I got a speedy reply from this eBay seller and he said the base markings are ...

*B 5B25 
5 (9) A 75*

I'm thinking it might be a slight misread for an Owen-Illinois bottle but appears to be from 1975 regardless of who made it.


----------



## SODAPOPBOB

Regarding the earliest Barq's *ACLs* ...

The earliest I'm aware of are ...

McKinney, Texas ~ 1939



Phoenix, Arizona ~ 1939



Greenville, Mississippi ~ 1939 




No doubt there are other locals, but these three are consistent with the 1939 date. I have not found an acl ad from 1938 or earlier - the earlier ads all depict the patent 1935 embossed bottle.


----------



## SODAPOPBOB

Check out this blue-label Barq's acl bottle that sold on eBay* four days ago for ...

$255

I put an * on eBay* because it appears to be a foreign listing? The bottle is from Tulsa, Oklahoma and described as 1939? 

https://translate.googleusercontent...712670&usg=ALkJrhgTnIONRmYYOvpNj7njM_HNulb6bg


----------



## SODAPOPBOB

P.S.

As near as I can determine the eBay listing appears to be *Italian*


----------



## SODAPOPBOB

All things considered ...

There are six Barq's and Barq's-Related bottles I'd like to acquire ...

1. Orangine ~ Cascade Bottling Works (Jesse Robinson) ~ New Orleans, Louisiana

Note: I consider this Orangine bottle the Holy Grail of the Barq-related bottles and would prefer it over any of the others. 



Possible 1937



Notice the cap has the Louisiana tax symbol



2. Barq's Root Beer ~ Biloxi Artesian Bottling Works ~ First issue 1935 Patent bottle





3. Barq's ~ Orange Slice ~ Baton Rouge, Louisiana ~ The Red version of this one from St. Paul, Minnesota



4. & 5.  Barq's ~ Both red and blue but *only* if they are first issue acls from *1939*



6. Barq's ~ Tulsa, Oklahoma ~ This one is a bit of a mystery but I would be interested in it if the 1939 date is accurate.


----------



## SODAPOPBOB

The San Diego bottle show is today - maybe I will find a cool Barq's bottle. I'm just heading out the door now and will report back later.


----------



## SODAPOPBOB

I attended the San Diego bottle show yesterday but there wasn't a single Barq's bottle in the entire show. In fact, there were very few acl soda bottles, with most of the soda bottles being Hutchinsons, Blobs, and straight-sided examples. But because I didn't want to leave empty-handed, I purchased a straight-sided Coca Cola bottle from a friend of mine. The bottle is a mid-script Coca Cola from Savannah, Georgia and made by the O.B. CO. 

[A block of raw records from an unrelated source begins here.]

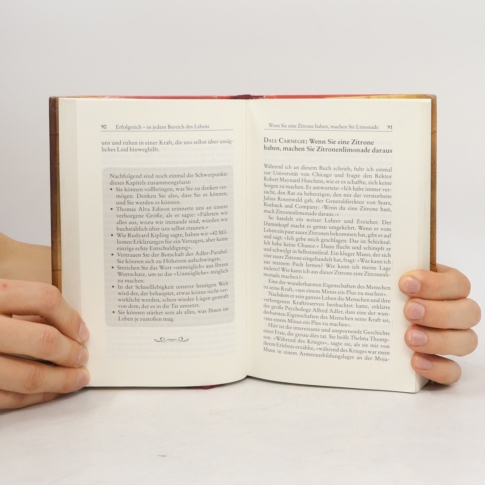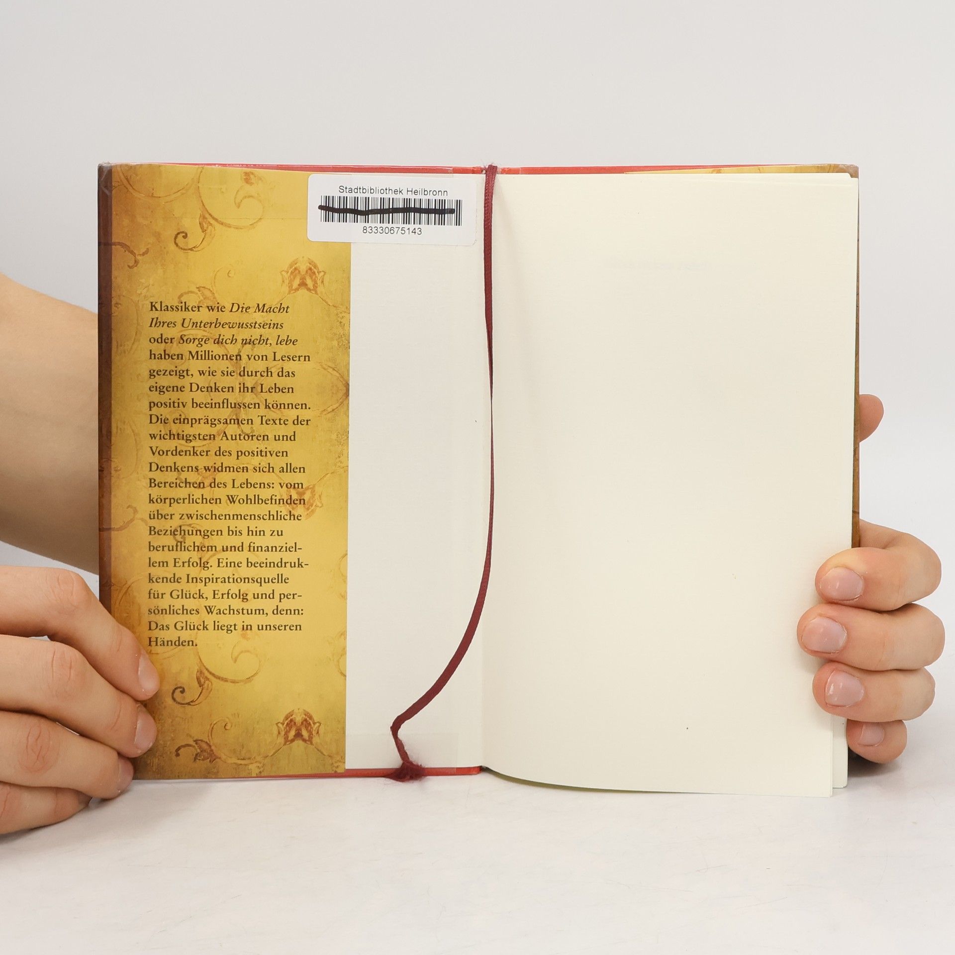 Das Geheimnis des Glücks Die Suche nach Glück, Erfolg und Zufriedenheit beschäftigt die Menschen seit jeher und Klassiker wie „Die Macht Ihres Unterbewusstseins“ oder „Sorge dich nicht, lebe“ haben unzähligen Menschen gezeigt, wie sie durch das eigene Denken ihr Leben positiv beeinflussen können. Dieses umfassende Lesebuch versammelt die inspirierendsten Texte zum positiven Denken – mit Bestseller-Autoren wie Dr. Joseph Murphy, Louise L. Hay, Napoleon Hill oder Dale Carnegie. Der Schlüssel zu Glück und Erfolg liegt in unserem eigenen Denken: Menschen, die positiv denken, sind in der Lage, Schwächen in Stärken umzuwandeln und Herausforderungen mit Enthusiasmus zu meistern. Diese Sammlung enthält die Quintessenz des positiven Denkens zu allen wichtigen Bereichen wie Gesundheit, zwischenmenschliche Beziehungen, sowie berufliche Weiterentwicklung und Wohlstand und gibt wertvolle Impulse, wie wir kraft unserer eigenen Gedanken das Unmögliche möglich machen können. Denn: Das Glück liegt in unseren Händen. Die Quintessenz des positiven Denkens.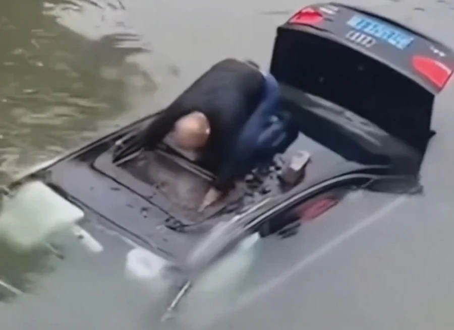 В Китае произошел случай, когда прохожий оказал помощь водителю, который оказался в тонущем автомобиле.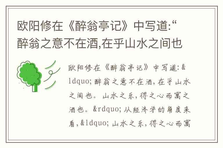 酒在这里是一种商品,但它不仅是解渴或满足生理需要的物品,更是人们寄托精神体验(山水之乐)的载体。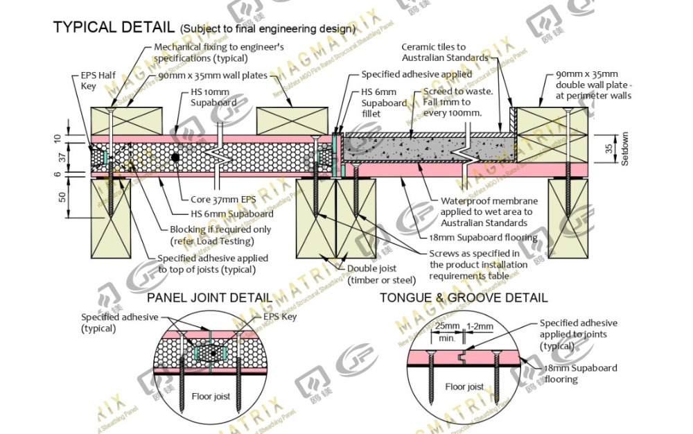 これらを作りました MGOサブフロアパネル 酸化マグネシウムと非有機鉱物および添加物を組み合わせることにより。それらはグラスファイバーメッシュで強化され、それらを長持ちさせます。ほとんどのビルダーは、厚さ3/4 "の構造パネルを選択します - 強い、持続する床にぴったりです。パネルは舌と溝の端でロックします。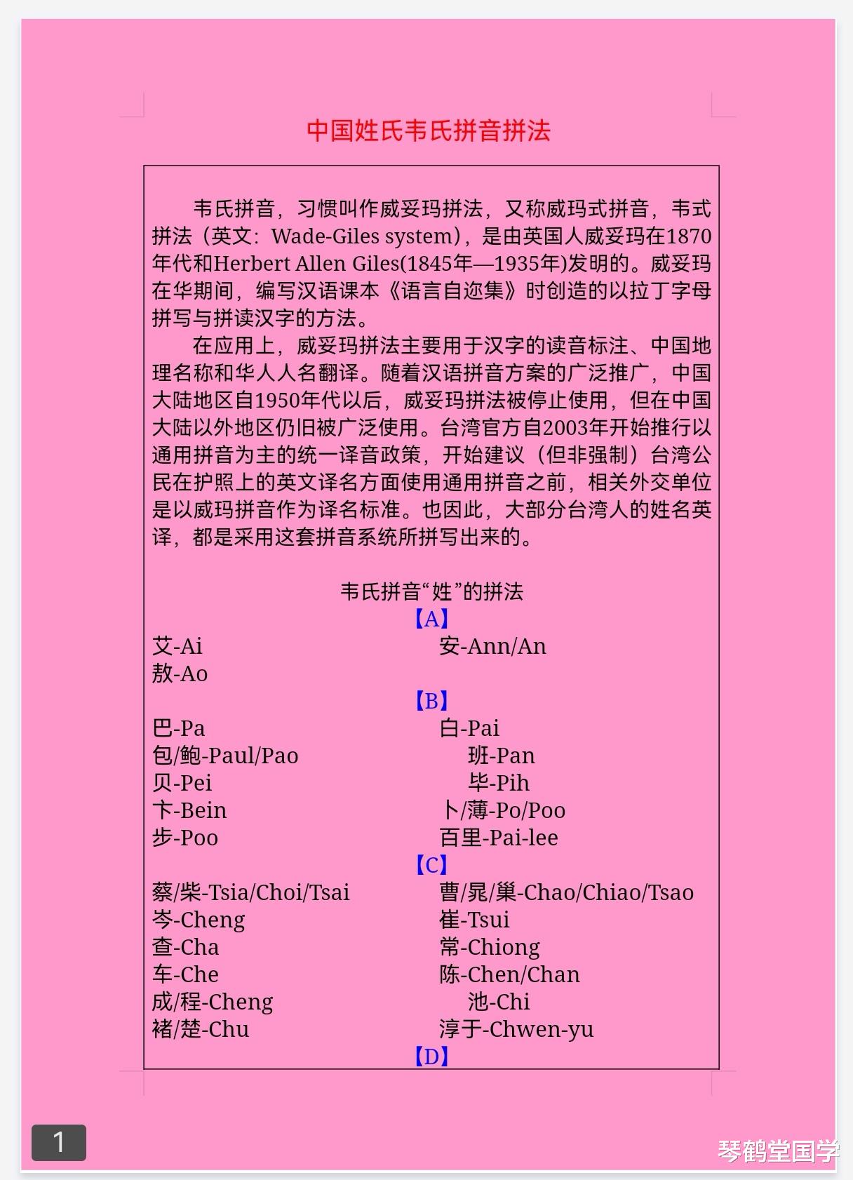 威妥玛式拼音法(Wade-Giles romanization)又称威妥玛-翟理思式拼音,简称威氏拼音法,于1867年始用,由英国人威妥玛(Thomas Francis Wade,1818年—1895年,今译为“托玛斯·韦德”)等人合编,也称“威氏拼音”,最大优点是利用送气符号(‘)来表示送气的声母。1958年中国推广汉语拼音方案前,威妥玛式拼音法广泛被用于人名、地名注音,是中国和国际上流行的中文拼音方案,影响较大。1958年后,逐渐废止。现除少数需要保持文化传统的场合外,基本不用,除一些已成习用的专有名词仍保留威妥玛拼音以外,大多数地名、人名已使用汉语拼音。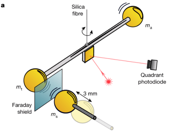 즉, 두 구슬 사이에서 일어난 중력 상호 작용에 의해 유리 막대가 미세하게 움직여 반사된 레이저를 비틀고 있었던 겁니다.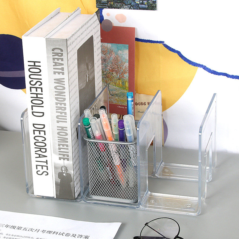 亚克力书立架加厚透明固定书本收纳架防倾倒办公室立式书架学生用置物架书夹书托分隔板办公用品桌上简易办公

I haven't taken any pictures of it but its identical to this example from Sam Evans' website where he refers to it as common and valued at $25-$50

 Sam Evans' Site

http://teampins.com/savannahcoke.html


Another reason I purchased this particular bottle is because I didn't recognize the makers mark and was pleased to discover later that the O.B. CO. was only in operation for two years, which made it easy to date my bottle as being made in 1904-05  

O.B. CO ... Ohio Bottle Company, Newark Ohio (1904-1905). Short-lived merger of 3 factories. Later merged with several other plants to form the American Bottle Company.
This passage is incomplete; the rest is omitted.